GraphQL keyword = AppSync, always. Any exam scenario mentioning GraphQL schema, mutations, queries, or subscriptions points to AppSync. API Gateway does not support GraphQL natively — it would require a Lambda function to parse and route GraphQL requests manually.
API Gateway's 10,000 RPS throttle limit is ACCOUNT-WIDE and SHARED across all API types (REST + HTTP + WebSocket) in a region. If an exam asks how to prevent one API from throttling others, the answer involves per-stage or per-method throttling overrides, or separate AWS accounts. This limit CAN be increased via Support.
HTTP API vs REST API is a favorite trap: HTTP API is cheaper and faster for Lambda proxy and JWT auth, but LACKS caching, usage plans, request validation, and edge-optimized deployment.
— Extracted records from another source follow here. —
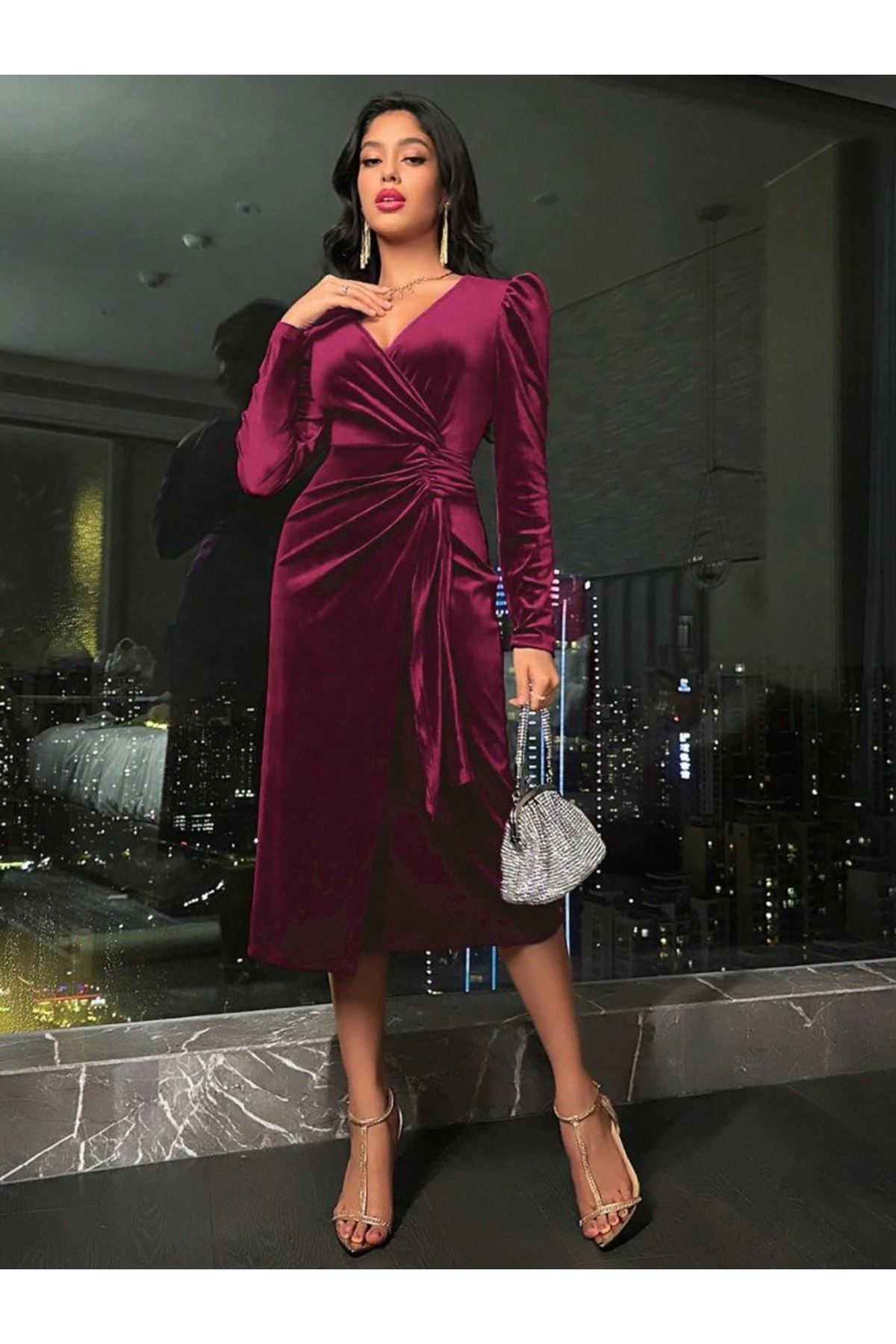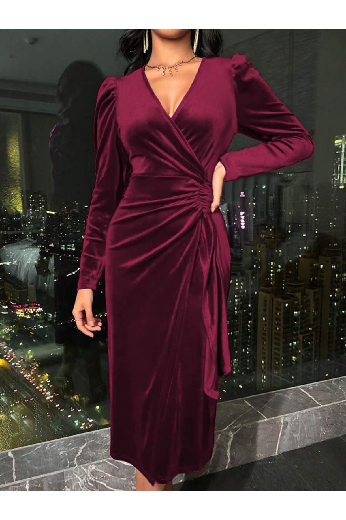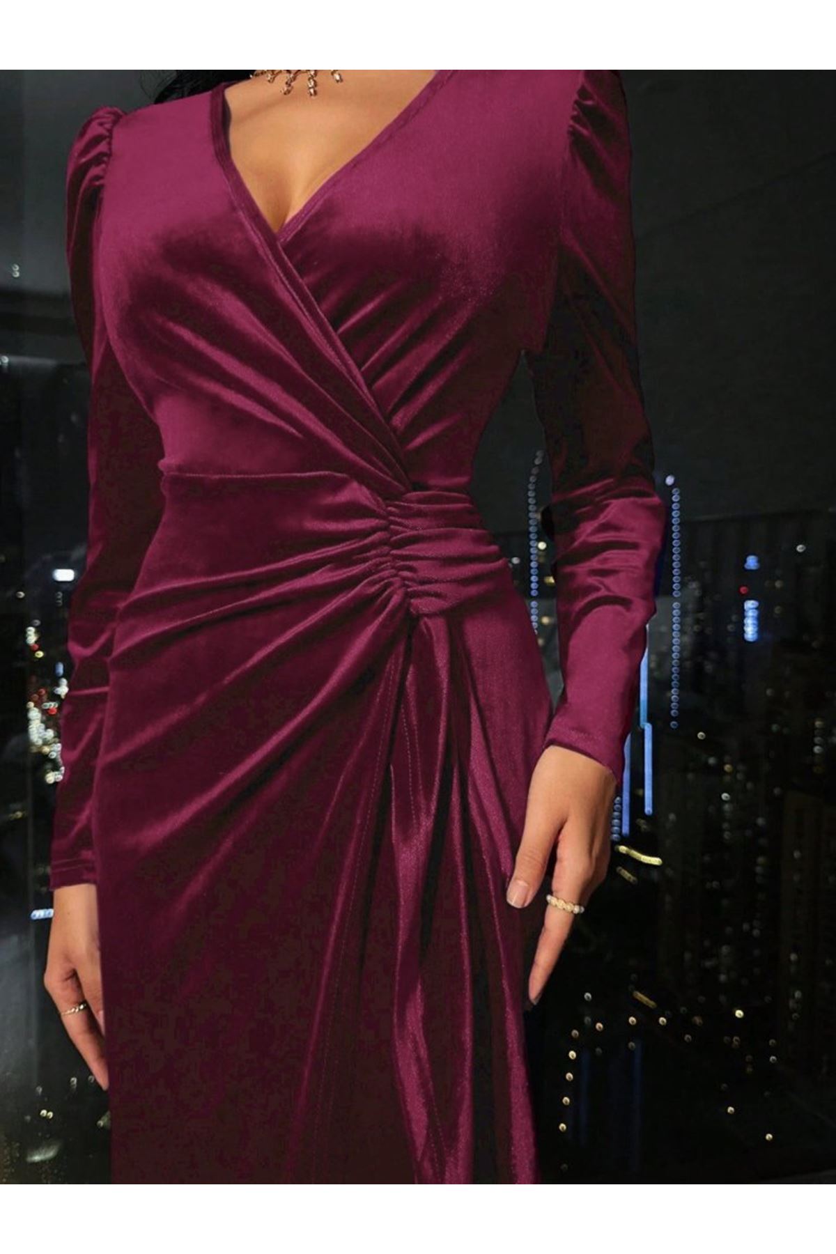 Kadın Uzun Kollu Kruvaze Yakalı Yandan Büzgülü Midi Kadife Elbise
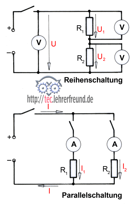 - An allen Widerständen liegt die gleiche Spannung U = U1 = U2
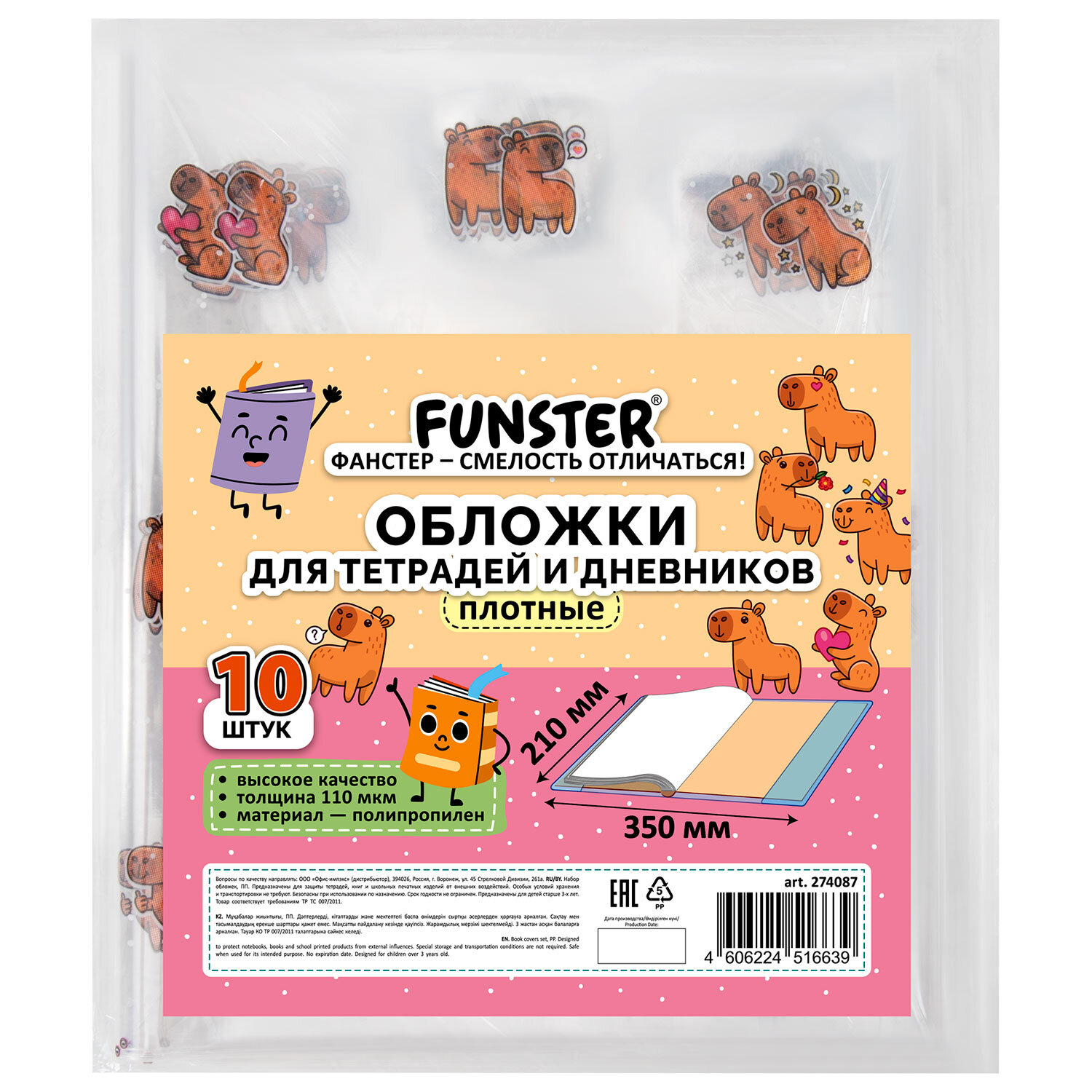 Обложки "CAPYBARAS" для тетрадей и дневников, КОМПЛЕКТ 10 шт., ПЛОТНЫЕ, 210х350 мм, 110 мкм, FUNSTER (ФАНСТЕР) Код товара: 274087 329,67 ₽ Купить Производитель:FUNSTER Яркие и красочные обложки FUNSTER отлично предохраняют тетради и учебники от внешних воздействий, тем самым увеличивая срок их службы и сохраняя прекрасный внешний вид. Предназначены для тетрадей и дневников. Изготовлены из высококачественного полипропилена (ПП) толщиной 110 мкм. Предназначены для тетрадей и дневников. Размер – 210х350 мм. Набор обложек с дизайном из 10 штук. Не содержат вещества, вредные для здоровья детей.Производство: РоссияПредназначены для: дневников, тетрадейРазмер: 210х350 ммКоличество в комплекте: 10 шт.Материал: полипропилен с дизайномТолщина: 110 мкмТип обложки: с дизайномЦвет: прозрачныйДизайн: CAPYBARASНаличие штрихкода на ед. товара: даВес: 82 грРазмер упаковки: 0.4 × 21.7 × 19.7 смОбъём: 0.0002 м3Промежуточная упаковка: 100 штТранспортная упаковка: 100 штШтрих-код: 4606224516639 Сертификат-1.jpg Сертификат-2.jpg Сертификат-3.jpg
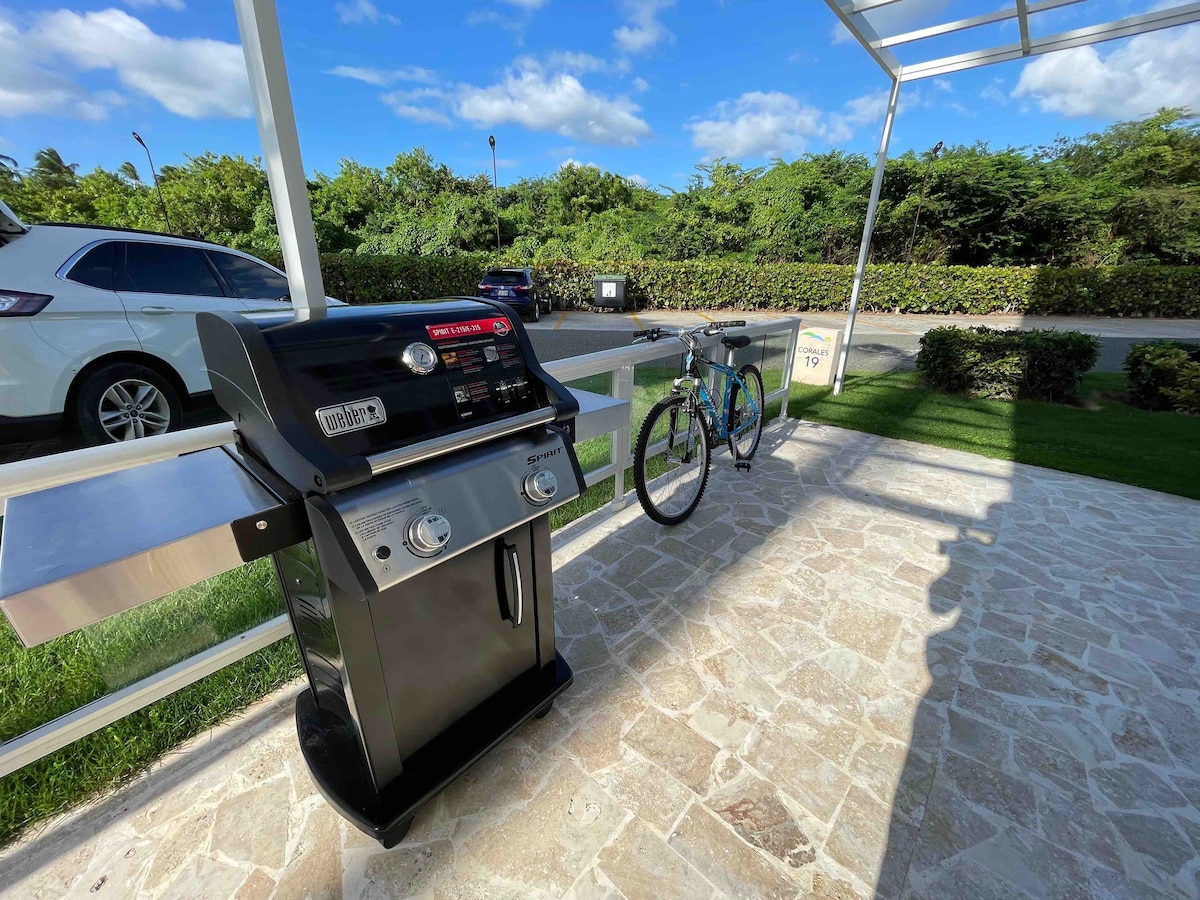 This luxurious beachfront apartment is located at Playa Nueva Romana South Beach. It is nicely decorated so you really feel the caribbean vacation vibes. The apartment has everything you need to make your stay pleasant. It’s fully air-conditioned, has a comfy queen bed, fully equipped kitchen and the living room space with a 55-inch TV. Full access to Pool, Gym and outdoor dinning / bbq / Pizza oven share area.

REST API has all features. If the scenario needs caching or usage plans → REST API. If it needs lowest cost simple proxy → HTTP API.
AppSync supports MULTIPLE authentication modes simultaneously on a single API (e.g., Cognito for end users + IAM for backend services + API Key for public read). API Gateway supports one primary authorizer per route/stage. This multi-auth capability is unique to AppSync and tested in DVA-C02 and SAA-C03.
Private APIs are REST-API-only in API Gateway — accessed via VPC Interface Endpoint (PrivateLink). HTTP APIs cannot be made private. AppSync has no native private endpoint. For scenarios requiring API access only within a VPC with no internet exposure → API Gateway REST Private API.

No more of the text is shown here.